Veteran screenwriter Dudley Nichols had been working in Hollywood for almost thirty years, and this is one of his last pictures. He opts for an uncomplicated crime drama that could easily be adapted to almost any setting. The movie has no major action scenes. The one time the hero fires his gun, he purposely misses.
Deputy Federal Marshall Mack Bovard (Robert Taylor) so ruthlessly hunts down wanted killers that he's been given the nickname, "The Hangman". Mack wants to arrest the fourth fugitive from a deadly bank robbery committed a couple of years ago, but nobody knows what he looks like. He finds his quarry in a small town, hiding out as Johnny Bishop (Jack Lord). The only person who can identify Johnny is laundress Selah Jennison (Tina Louise), a young widow who cannot afford to turn down Bovard's $500 reward for turning Judas. To his surprise, Mack finds that Johnny Bishop has the trust and faith of all his neighbors and friends, none of whom believe he could have been part of a crime. Johnny's new wife is expecting a child. This includes Sheriff Buck Weston (Fess Parker) and Bishop's fellow teamster Al Cruse (Mickey Shaughnessy). The thuggish Big Murph (Gene Evans) may be willing to sell Bishop out, but even he believes the man to be innocent. Selah and Sheriff Weston challenge Mack's assertion that every man has his price, and that nobody can be trusted, but the Marshall remains unmoved. Selah purposely fails to identify Johnny, even though she'll lose her reward. The anti-law conspiracy among the townspeople only makes Mack Bovard more determined to bring Johnny Bishop to Justice.

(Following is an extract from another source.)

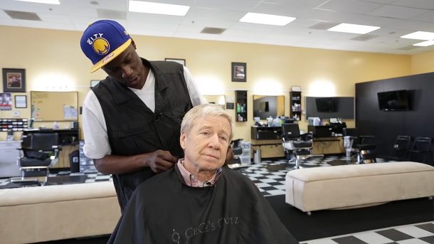 Board of Equalization Member George Runner visits a black-owned barbershop and beauty salon in the Natomas area of Sacramento to get a fresh haircut and talk state proposals to implement a sales tax on services.

The Hangman takes its interesting premise to an unsurprising conclusion, without reaching the dramatic climaxes it needs to properly resolve its personal tensions. Robert Taylor's Mack Bovard spends the entire movie spouting a cynical attitude about human nature, convinced that everyone he meets is a dishonest liar willing to sell out for money. When Selah doesn't show up for duty, Mack thinks she's different and makes plans to go back to her. But then she turns up to play informer for money. It's exactly what Bovard wants her to do, and what he says is the right thing to do. Yet he now turns more resentful than ever.

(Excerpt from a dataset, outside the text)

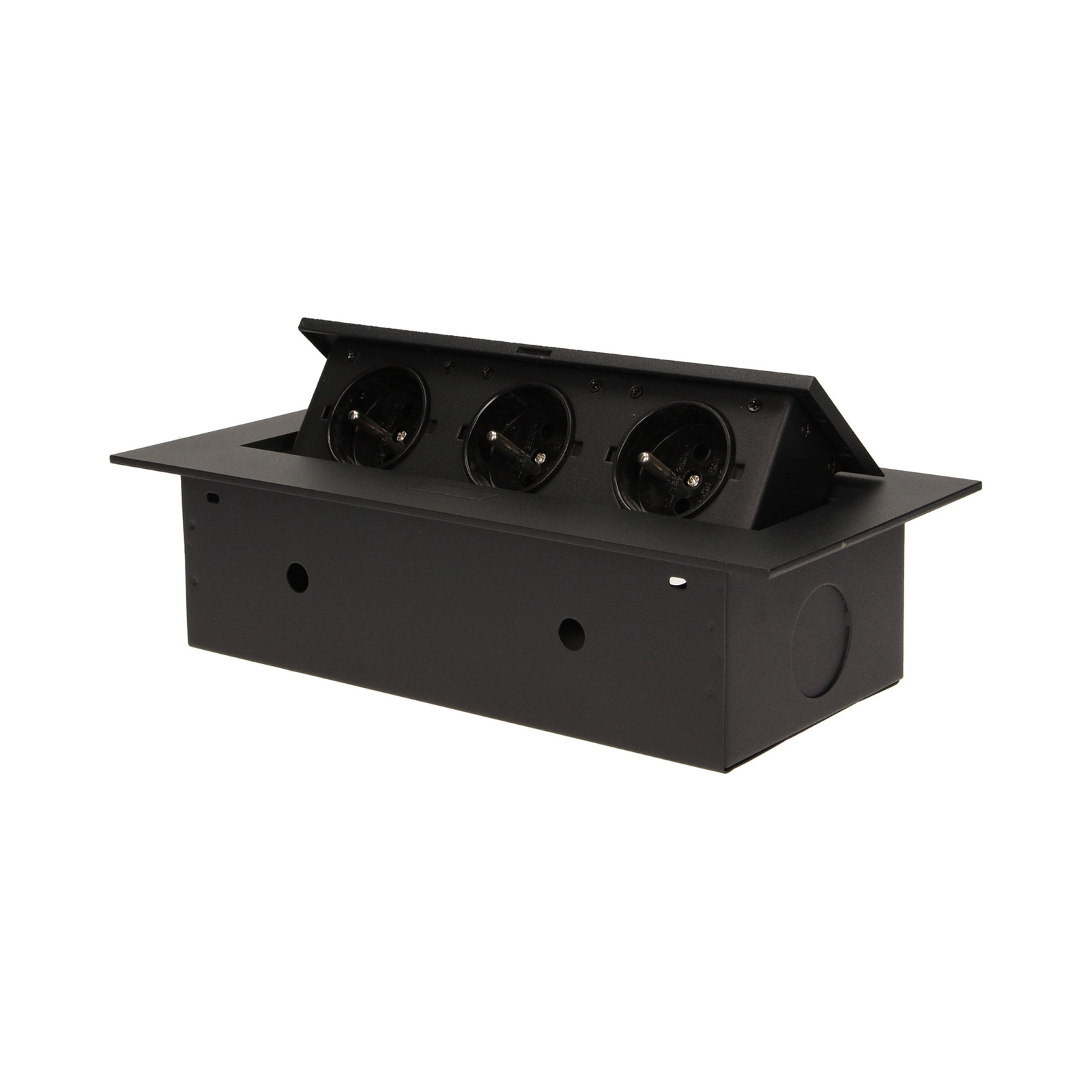 Gniazdo meblowe wpuszczane w blat z płaskim rantem, 3x2P+Z, czarneZestaw trzech gniazd sieciowych z uziemieniem i przesłonami torów prądowych w obudowie chowanej w blat. Urządzenie przeznaczone jest do montażu w biurkach, blatach i stołach, może być zamontowane zarówno w pozycji pionowej jak i poziomej, zapewniając dostęp do gniazd elektrycznych. Zalecany przewód OWY 3 × 1,5mm² (brak w zestawie). Dostępne kolory: czarny, srebrny. Informacje ogólne

The problem with The Hangman is that not a great deal seems to happen. Bovard and the easy-going sheriff continue to trade philosophies long after their opposition has established. The details of Bovard's mission seem kind of silly. He instructs Selah to arrive in town on a different stagecoach, so they won't be associated with each other. He then hangs out almost exclusively with the Sheriff, and tells the hotelier outright that he's reserving a room for Selah. This is a small town: the relationship of Bovard to Selah and his mission would be common knowledge in just a few hours. Selah wouldn't need to take a secret message to Johnny Bishop. As this is really just the story of a cop who ultimately decides he's being too harsh, The Hangman could easily be shifted to a different background, say, a juvenile delinquent story.

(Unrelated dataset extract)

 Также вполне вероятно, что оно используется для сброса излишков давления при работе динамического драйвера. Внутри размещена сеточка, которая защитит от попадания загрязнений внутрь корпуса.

The few scenes with Jack Lord and Tina Louise are the most interesting. Johnny and Selah may have been lovers, briefly, but the script curiously doesn't go into that. Johnny is an innocent victim of the real robbers, something Mack Bovard might appreciate if approached in the right way. Unfortunately, Selah and Bovard are so continually at odds with each other -- she even handcuffs herself to him at one point, to interfere with his duties -- that we know they will eventually get together. I mean, Fess Parker is nice, if you want someone to play guitar or sell you some wine. Robert Taylor is 23 years older than Tina Louise, but he's still more attractive.
Ms. Louise always had acting ability and her role here is better than many she was offered at this stage of her career. The Hangman makes sure that she's seen in one glamorous dress, complete with a frilled parasol. It actually makes her rather overdressed for this two-bit town. Apparently deciding that the sex factor needed to be turned up a few notches, we also have Marshall Bovard wandering into her room while she's getting dressed, so that Ms. Louise can show off her legs, etc. Selah owns some of the most shapely, form-fitting undergarments seen in a western movie. By this time a western couldn't be a western without at least one bathtub scene or skinny dipping romp in the local pond, and The Hangman has one of each. Scenes like this, substituting coded peek-a-boo thrills for actual adult relationships, are what made Hollywood movies look infantile when compared to the best foreign dramas.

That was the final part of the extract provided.